• Task details:
Repeat exactly, and only, the lines from the line bearing "I have a total" through the end of the material. Do not copy the pictures.

>>

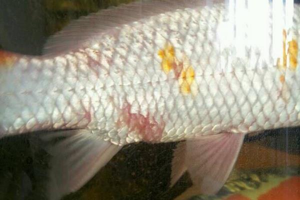 1、典型的赤皮病,症状:表皮大面积充血。鱼体表面没有大面积溃疡、浓肿,只有鳍基、鼻孔等明显发红,显出血丝。后期伴有腹水和烂鳃。病源及感染原因:由荧光极毛杆菌引起,易传染。水质不洁、外伤、饵料变质等都会引起此病,一年四季都会发生。治疗:在原缸(池)内用2ppm的呋喃西林溶液浸泡病鱼,连续浸泡数天,直至病情好转。
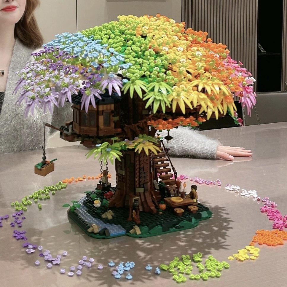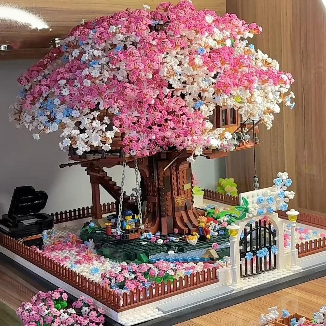 永生玫瑰花束积木盆栽樱花树屋女孩系列建筑模型拼装玩具生日礼物
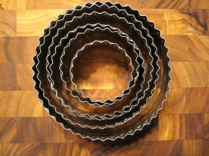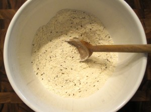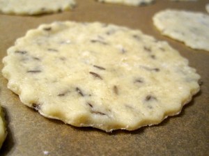 ****Cookie cutter: I chose and liked a 2.5″ biscuit cutter with fluted edge, but most shapes would work, as would the top of a drinking glass. As mentioned, the dough does shrink a bit on the cookie sheet and then in the oven – none of my circles baked up to be perfectly even, and the caraway seeds make for somewhat ragged edges, so avoid any intricate shapes.
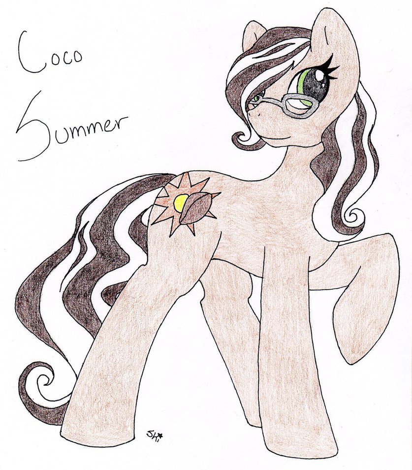 I have a total of 3 deviantART accounts, one for Sonic/Anthro, one for Pokemon, and one for my several Ponies. This happens to be one of them. Her name is Coco Summer and her talent is making chocolate.
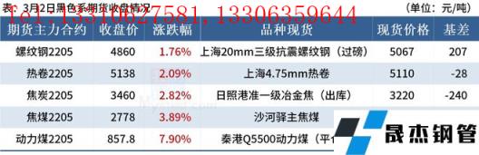 ◎ 山西部分無縫厚壁鋼管廠家今日接到冬殘奧會限產(chǎn)指令,均是口頭通知,限產(chǎn)比例各廠不一。同相關(guān)無縫厚壁鋼管廠家落實得知,原計劃近兩日復產(chǎn)的高爐暫緩至3月5日之后再進行復產(chǎn)。所以冬殘奧會限產(chǎn)期間,山西無縫厚壁鋼管廠家高爐產(chǎn)能利用率會保持在77%左右,目前來看影響面較小。
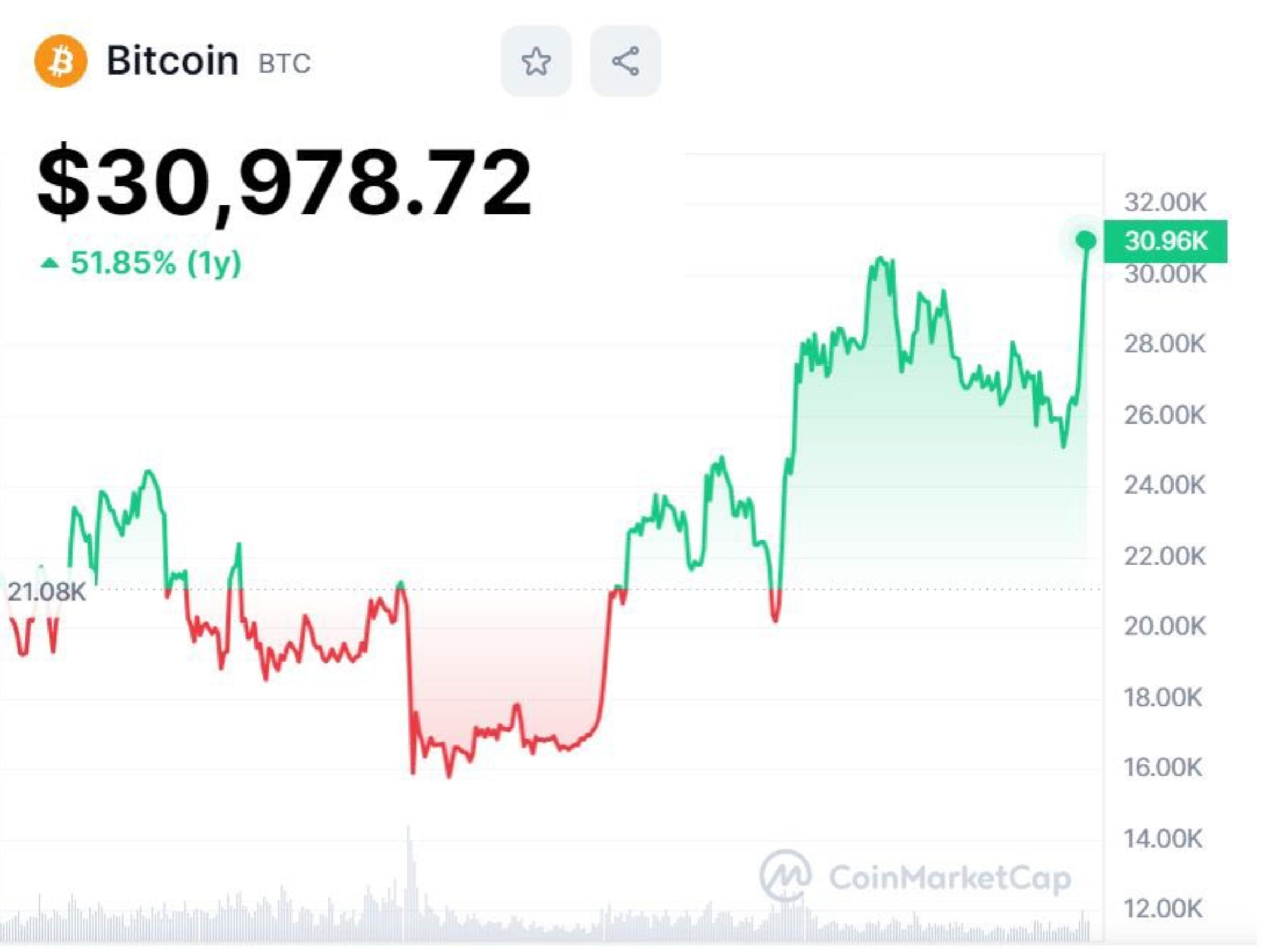 Bitcoin broke through $31k on June 23rd, the highest level since April 2022:
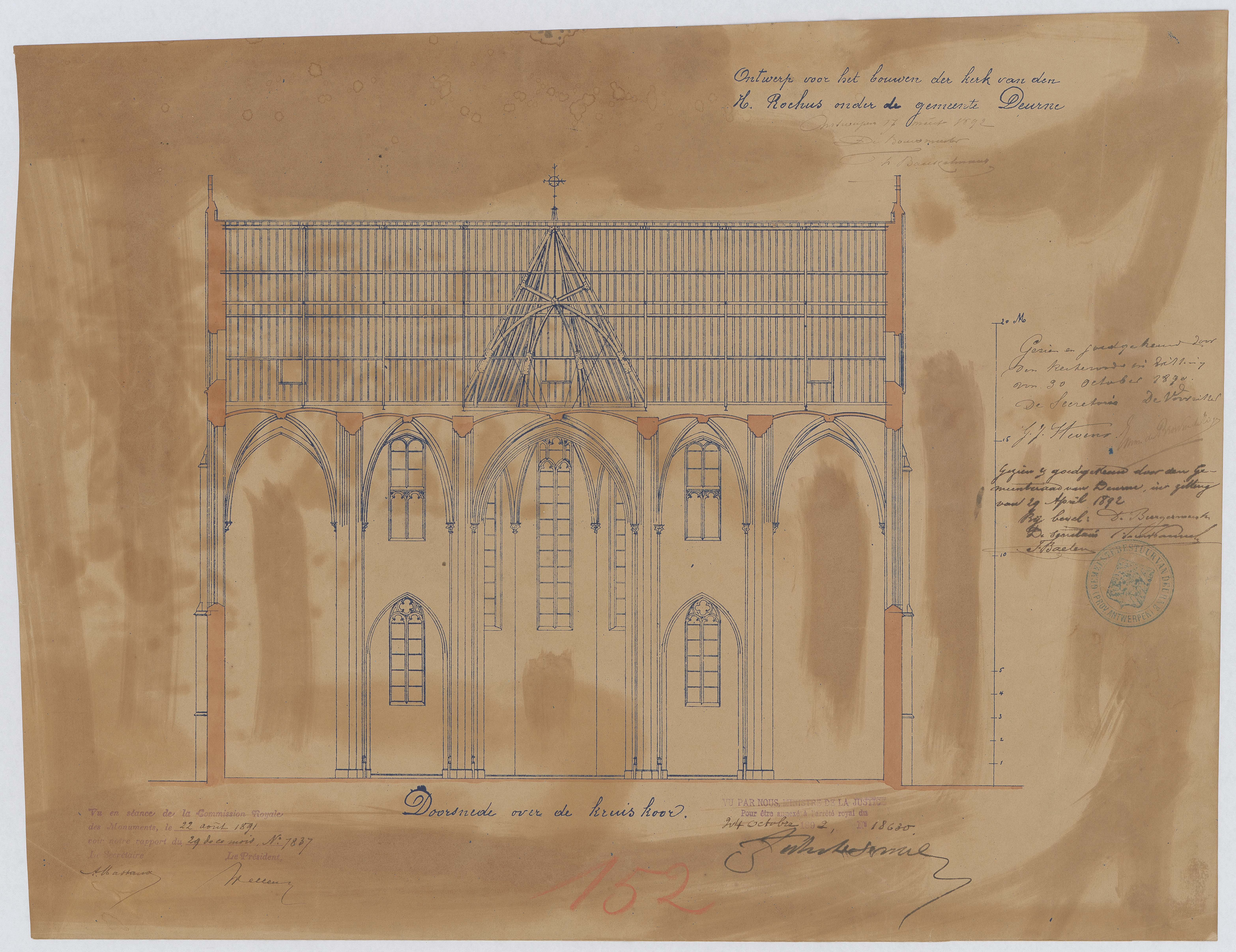 Opschrift: Ontwerp voor het bouwen der kerk van den H. Rochus onder de gemeente Deurne. Omschrijving plan: dwarsdoorsnede Datum KCML: 22/08/1891 Archiefnummer: A0403
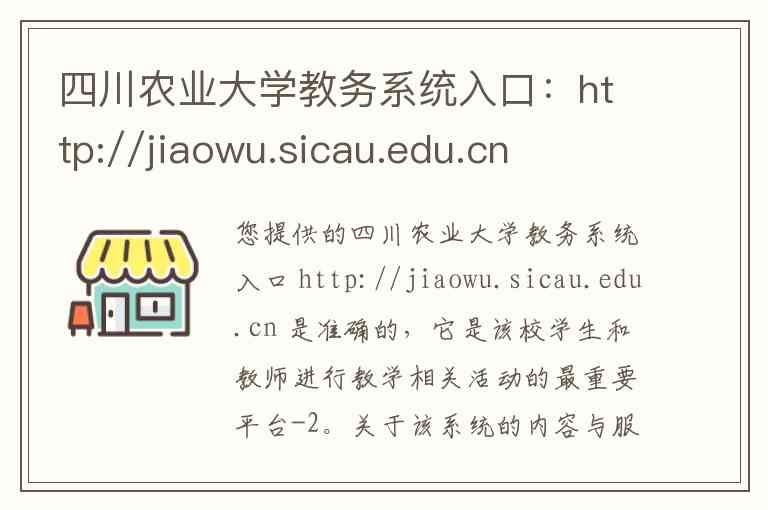 您提供的四川农业大学教务系统入口 http://jiaowu.sicau.edu.cn 是准确的,它是该校学生和教师进行教学相关活动的最重要平台-2。关于该系统的内容与服务,以及相关的地址和联系方式,为您具体说明如下:
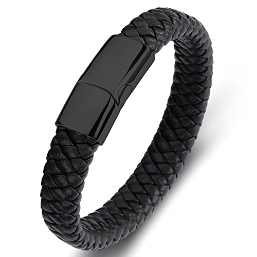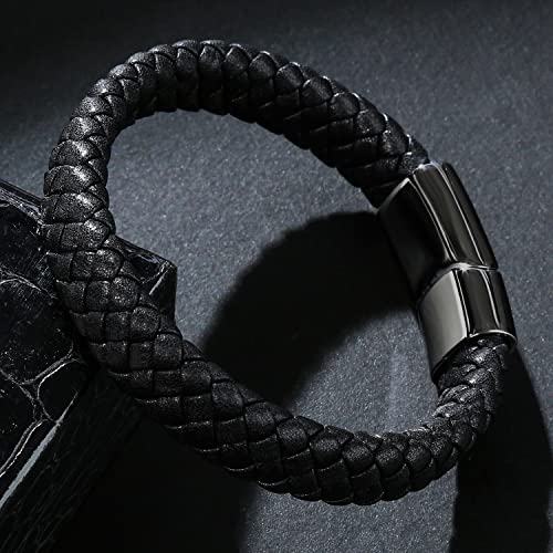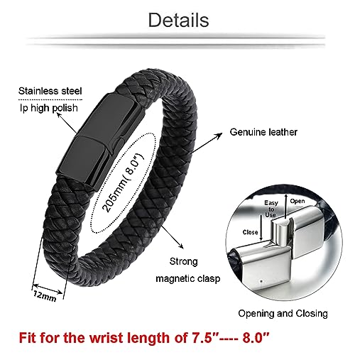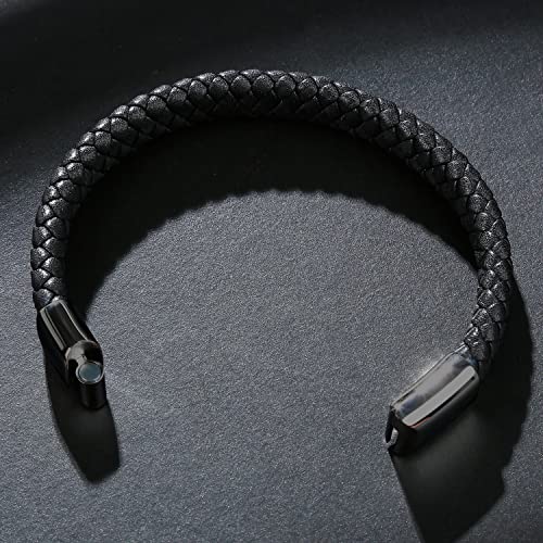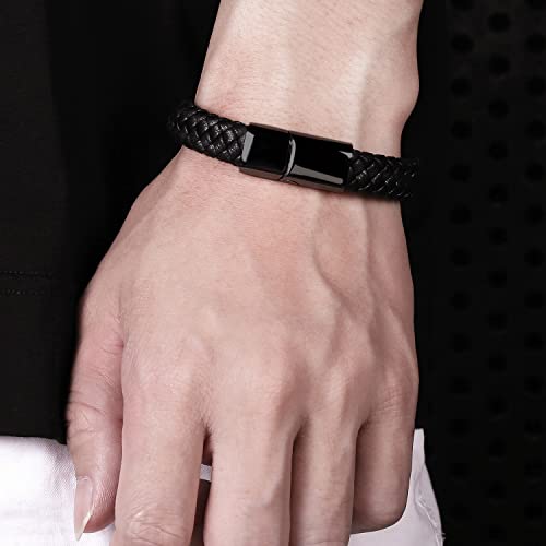 LJWVX - Mens Black Leather Bracelets,Braided Leather Wristband Cuff,Stainless Steel Clasp,Gift for Dad Son
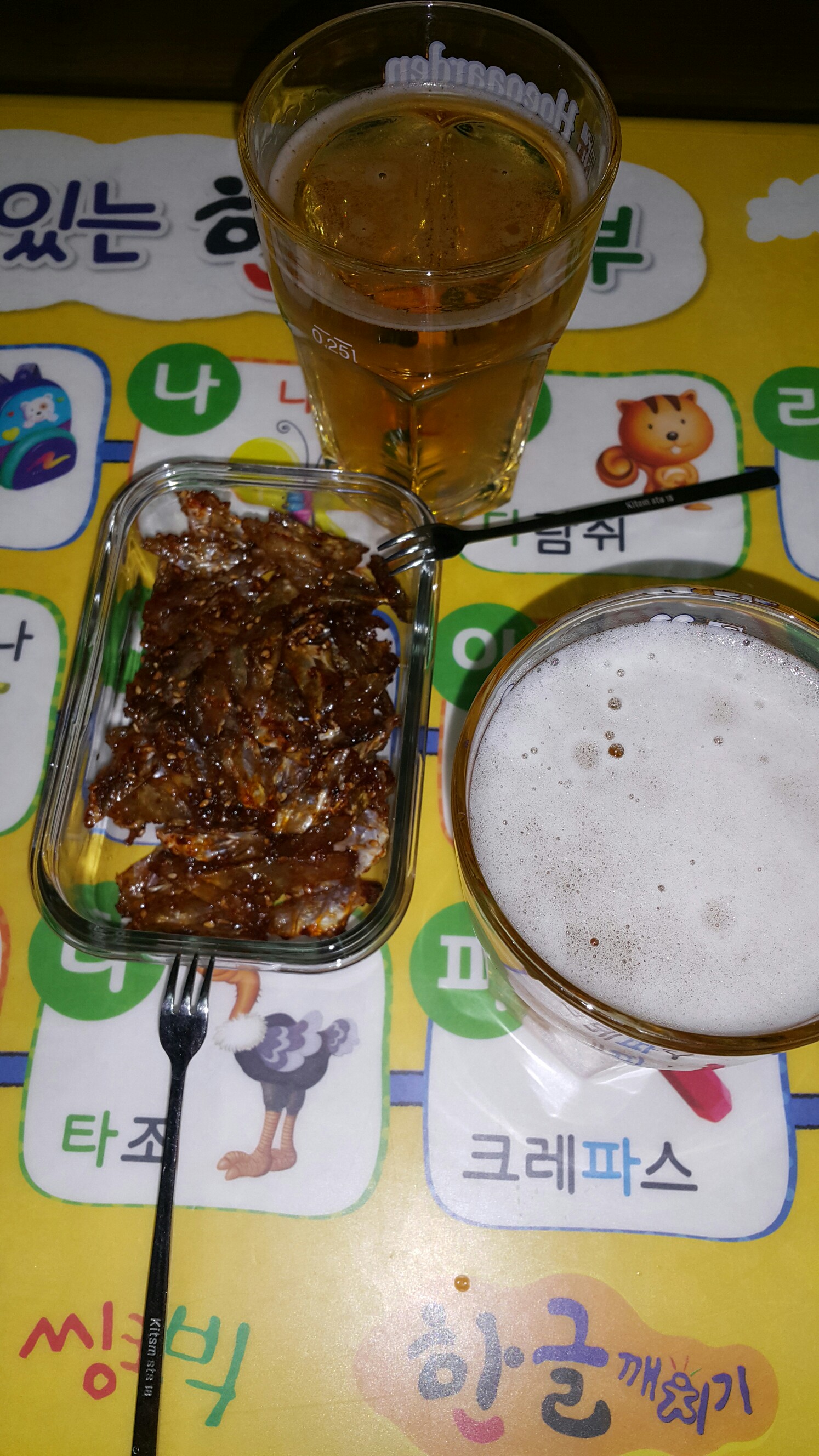 아까 만들어놓은 쥐포조림에 맥주한잔요~**~
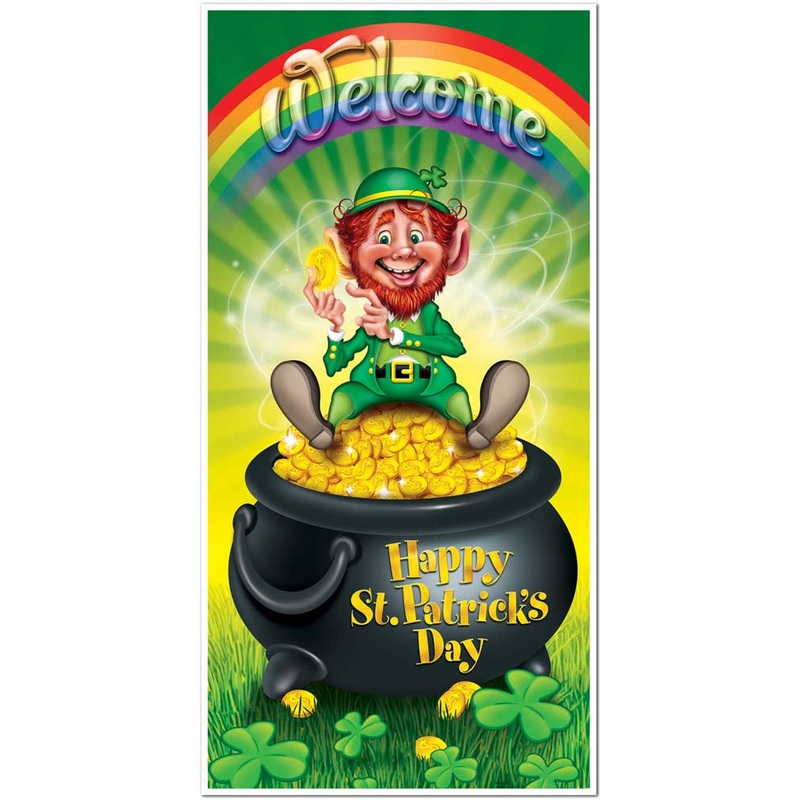 Luck of the IrishYour friends will feel like they've hit the jackpot when they see this Leprechaun Door Cover on your front door. The door cover features a leprechaun sitting on a pot of gold underneath a rainbow with the word 'Welcome' across it.Item Incl

<<

• Result for this task:
 I have a total of 3 deviantART accounts, one for Sonic/Anthro, one for Pokemon, and one for my several Ponies. This happens to be one of them. Her name is Coco Summer and her talent is making chocolate.
 ◎ 山西部分無縫厚壁鋼管廠家今日接到冬殘奧會限產(chǎn)指令,均是口頭通知,限產(chǎn)比例各廠不一。同相關(guān)無縫厚壁鋼管廠家落實得知,原計劃近兩日復產(chǎn)的高爐暫緩至3月5日之后再進行復產(chǎn)。所以冬殘奧會限產(chǎn)期間,山西無縫厚壁鋼管廠家高爐產(chǎn)能利用率會保持在77%左右,目前來看影響面較小。
 Bitcoin broke through $31k on June 23rd, the highest level since April 2022:
 Opschrift: Ontwerp voor het bouwen der kerk van den H. Rochus onder de gemeente Deurne. Omschrijving plan: dwarsdoorsnede Datum KCML: 22/08/1891 Archiefnummer: A0403
 您提供的四川农业大学教务系统入口 http://jiaowu.sicau.edu.cn 是准确的,它是该校学生和教师进行教学相关活动的最重要平台-2。关于该系统的内容与服务,以及相关的地址和联系方式,为您具体说明如下:
 LJWVX - Mens Black Leather Bracelets,Braided Leather Wristband Cuff,Stainless Steel Clasp,Gift for Dad Son
 아까 만들어놓은 쥐포조림에 맥주한잔요~**~
 Luck of the IrishYour friends will feel like they've hit the jackpot when they see this Leprechaun Door Cover on your front door. The door cover features a leprechaun sitting on a pot of gold underneath a rainbow with the word 'Welcome' across it.Item Incl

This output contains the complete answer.